Fashion has never been faster, but personal style has stagnated. For every stale Coachella look, every Substack vivisecting shirt tucks, and every image-research account that pulls the same “rare” references that ironically breed homogeneity, we’ve never had greater awareness of the concept but less success in the belabored pursuit of it. Now, there’s nothing ignoble about wanting to discover your own or, like all great artists, taking bits and pieces from what’s around you, but the whole point of true personal style isn’t to study and wholesale copy — it’s to figure it out yourself.

While we can only help cultivate taste and wish you luck in creating the alchemy needed to synthesize the ideas you lift from elsewhere, we can show you the good stuff that’s so individual-seeming it lessens the burden on the other harder elements of personal style. Hats might come to mind as the top personality accessory (we’ve written about them before), but with the proliferation of pillboxes, it’s a hold from us. Belts? Peaked. What about watches? Yes, but when even the Baignoire is starting to feel banal, we have a different proposal: What about a silly little Swatch?

Picture a big-girl Saint Laurent suit with a candy-bracelet Caramellissima. Or a Miu-Miu-ish getup, complete with a structured lady bag and a fox stole... and the freaky-vintage-timepiece equivalent of Guy Fieri. Or, if you’re a certain hitmaker out and about prior to your Coachella appearance, go wild and get papped wearing a Mission to the Pink Moonphase — to match your pink jumper. No one does fun — which is the direct opposite and therefore most appropriate counterpoint to fashion and the general vibe right now — like Swatch, but it also makes something for everyone, whatever their preferences in color, art, sport, music, cinema, or celebrity. This was never clearer to me than when I recently visited the museum at the brand’s Biel headquarters, where I ogled the beaded leather strap of Pedro Almodóvar’s collab, had a giggle at the Bunnysutra (exactly what it sounds like), admired a flower-shaped carrying case designed by a Thai princess, and flipped through board after board of straight wacky fire from the 1980s on.

In contrast, the watches’ insides are very serious, as I learned on a tour of Swatch’s Boncourt factory, where I observed a team of robots and their human minders hard at work streamlining the craft into an elegant series of industry-disrupting processes that result in the Sistem51 movement.
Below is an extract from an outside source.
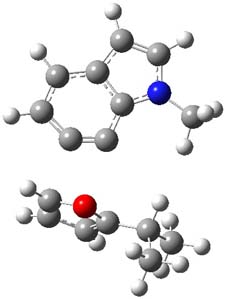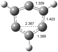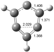 The concreted and stepwise transition states for this reaction (at (U)M06-2X/6-311+G(d,p)) are shown in Figure 2. The concerted barrier is 36.0 kcal moml-1 while the stepwise barrier is slightly lower: 35.2 kcal mol-1. The distortion energy for the concerted reaction is large (43.2 kcal mol-1) due mostly to angle changes in the diyne. Its interaction energy is -7.2 kcal mol-1, similar to the interaction energy in other similar Diels-Alder reactions. In contrast, the distortion energy for the stepwise pathway is 27.5 kcal mol-1, but the interaction energy is +7.7 kcal mol-1. These values are very similar to the distortion and interaction energy of the related (but less saturated DA reactions).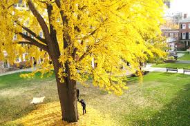 The first time I remember seeing Ginkgoes was in New Haven, Connecticut. Living in Morse College, a small grove of Ginkgoes had been planted between Morse and Ezra Styles on both sides of the pathway that directed towards the Payne Whitney Gym. Nearly every day, I would walk by the trees and admire their shade, their color, and their leaves. Turning bright yellow in the fall, they were always fun to see as they turned color and soon covered the ground with a golden carpet. The fallen fruit of the female tree, on the other hand, smelled like rancid butter or vomit as the seeds and fruit were spattered underfoot along the path. Not all of the trees were female, thank goodness, but enough bore fruit to leave an indelible olfactory impression.

I might’ve gotten my balance springs and Bioceramic mixed up somewhere around Step 4, but the outcome of the technical innovation wasn’t lost on me: performance, longevity, and the ability to print practically anything your heart desires (copulating rabbits) on a watch face at an astonishingly reasonable price point.

But knowing that, for many of us, NYLON House Art Basel 2024 is about as extreme as it gets, I’m going back to what matters most: looks. And in achieving a truer outward projection of “me,” I maintain that a Swatch, archival or modern, can function as a personal-style cheat code in that its inherent eccentricity and sense of humor can reflect your own. I could then further argue that, in a time when there aren’t a lot of laughs to be had, there’s no better reason to dress like the kooky, unique individual you are.

Swatch, too, is leaning into what makes it special, CEO Alain Villard tells NYLON. “This is an opportunity,” he says. “When everything is a little bit more complicated, we need to make sure the passion and motivation are even higher.” I most fervently aspire to live a life where I don’t need to know what time it is, but until then, a special-edition Christmas 1994 Christian Lacroix Swatch that only tells the hour will do.